------ Dataset records
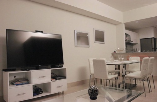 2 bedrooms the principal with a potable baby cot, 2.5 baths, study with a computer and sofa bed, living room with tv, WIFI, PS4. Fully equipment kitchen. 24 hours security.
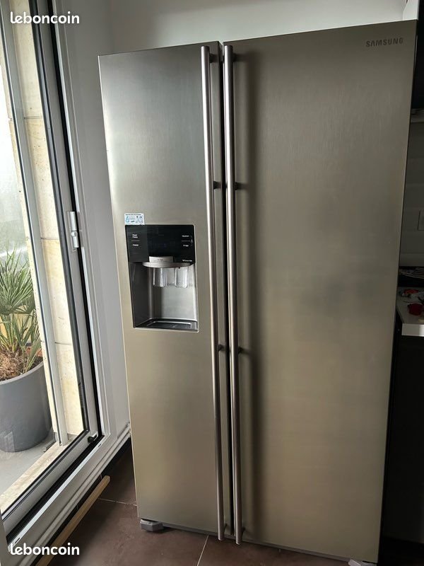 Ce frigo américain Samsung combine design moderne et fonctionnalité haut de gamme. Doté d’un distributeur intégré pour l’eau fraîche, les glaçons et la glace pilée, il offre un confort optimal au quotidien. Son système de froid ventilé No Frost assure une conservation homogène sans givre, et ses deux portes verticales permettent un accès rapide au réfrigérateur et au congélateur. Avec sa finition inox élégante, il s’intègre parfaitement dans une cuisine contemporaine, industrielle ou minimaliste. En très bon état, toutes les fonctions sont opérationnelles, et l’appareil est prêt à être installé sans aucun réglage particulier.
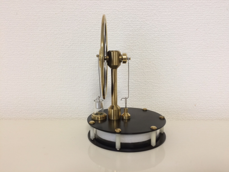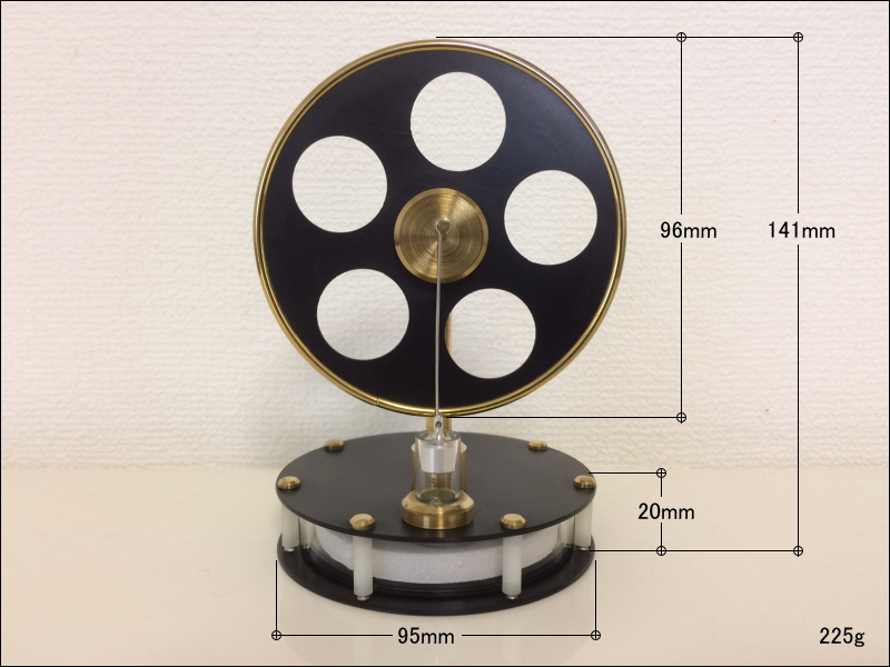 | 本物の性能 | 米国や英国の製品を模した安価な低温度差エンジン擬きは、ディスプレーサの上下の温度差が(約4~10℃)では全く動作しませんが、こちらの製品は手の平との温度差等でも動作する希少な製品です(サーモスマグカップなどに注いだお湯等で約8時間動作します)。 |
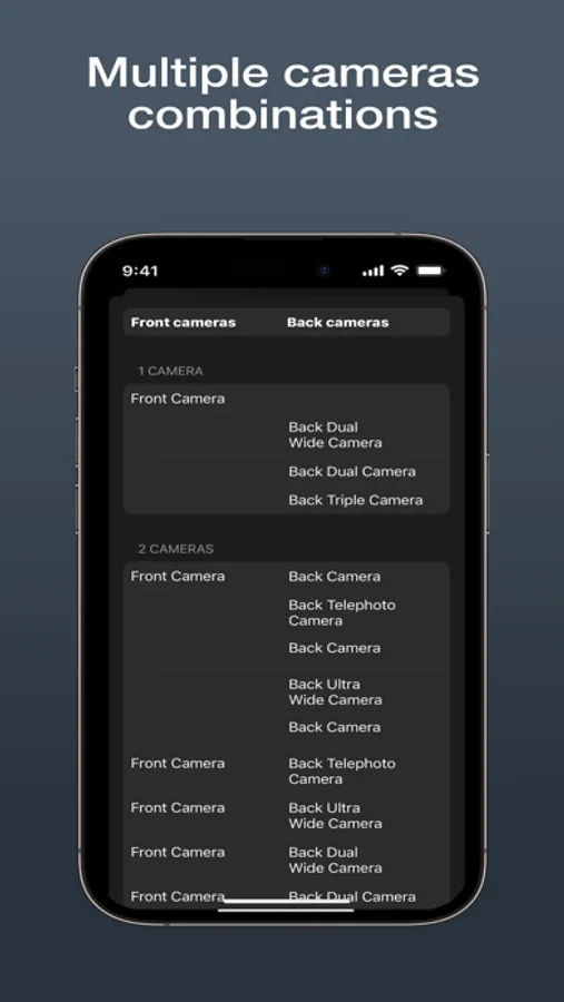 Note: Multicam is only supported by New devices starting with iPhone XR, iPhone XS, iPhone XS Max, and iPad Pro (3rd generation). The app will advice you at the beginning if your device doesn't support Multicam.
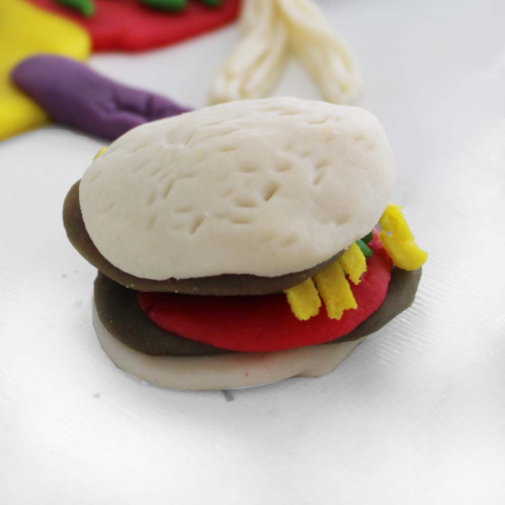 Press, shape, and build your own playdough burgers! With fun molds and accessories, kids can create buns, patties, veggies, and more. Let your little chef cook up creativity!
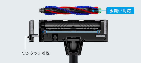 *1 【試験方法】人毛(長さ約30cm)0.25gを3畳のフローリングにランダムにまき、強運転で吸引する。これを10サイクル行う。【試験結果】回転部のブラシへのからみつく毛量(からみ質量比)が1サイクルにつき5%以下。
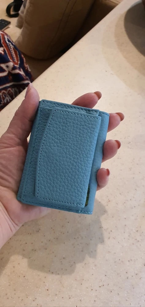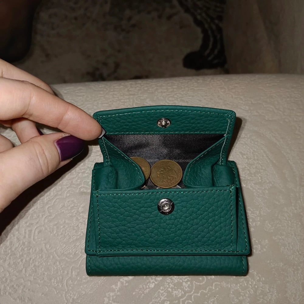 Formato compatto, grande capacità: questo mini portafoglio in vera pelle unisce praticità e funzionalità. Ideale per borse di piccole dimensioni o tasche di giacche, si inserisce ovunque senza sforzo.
------------
■ **Exercise instructions**:
Line for line, restate the data above and omit every picture.

■ **Worked solution**:
 2 bedrooms the principal with a potable baby cot, 2.5 baths, study with a computer and sofa bed, living room with tv, WIFI, PS4. Fully equipment kitchen. 24 hours security.
 Ce frigo américain Samsung combine design moderne et fonctionnalité haut de gamme. Doté d’un distributeur intégré pour l’eau fraîche, les glaçons et la glace pilée, il offre un confort optimal au quotidien. Son système de froid ventilé No Frost assure une conservation homogène sans givre, et ses deux portes verticales permettent un accès rapide au réfrigérateur et au congélateur. Avec sa finition inox élégante, il s’intègre parfaitement dans une cuisine contemporaine, industrielle ou minimaliste. En très bon état, toutes les fonctions sont opérationnelles, et l’appareil est prêt à être installé sans aucun réglage particulier.
 | 本物の性能 | 米国や英国の製品を模した安価な低温度差エンジン擬きは、ディスプレーサの上下の温度差が(約4~10℃)では全く動作しませんが、こちらの製品は手の平との温度差等でも動作する希少な製品です(サーモスマグカップなどに注いだお湯等で約8時間動作します)。 |
 Note: Multicam is only supported by New devices starting with iPhone XR, iPhone XS, iPhone XS Max, and iPad Pro (3rd generation). The app will advice you at the beginning if your device doesn't support Multicam.
 Press, shape, and build your own playdough burgers! With fun molds and accessories, kids can create buns, patties, veggies, and more. Let your little chef cook up creativity!
 *1 【試験方法】人毛(長さ約30cm)0.25gを3畳のフローリングにランダムにまき、強運転で吸引する。これを10サイクル行う。【試験結果】回転部のブラシへのからみつく毛量(からみ質量比)が1サイクルにつき5%以下。
 Formato compatto, grande capacità: questo mini portafoglio in vera pelle unisce praticità e funzionalità. Ideale per borse di piccole dimensioni o tasche di giacche, si inserisce ovunque senza sforzo.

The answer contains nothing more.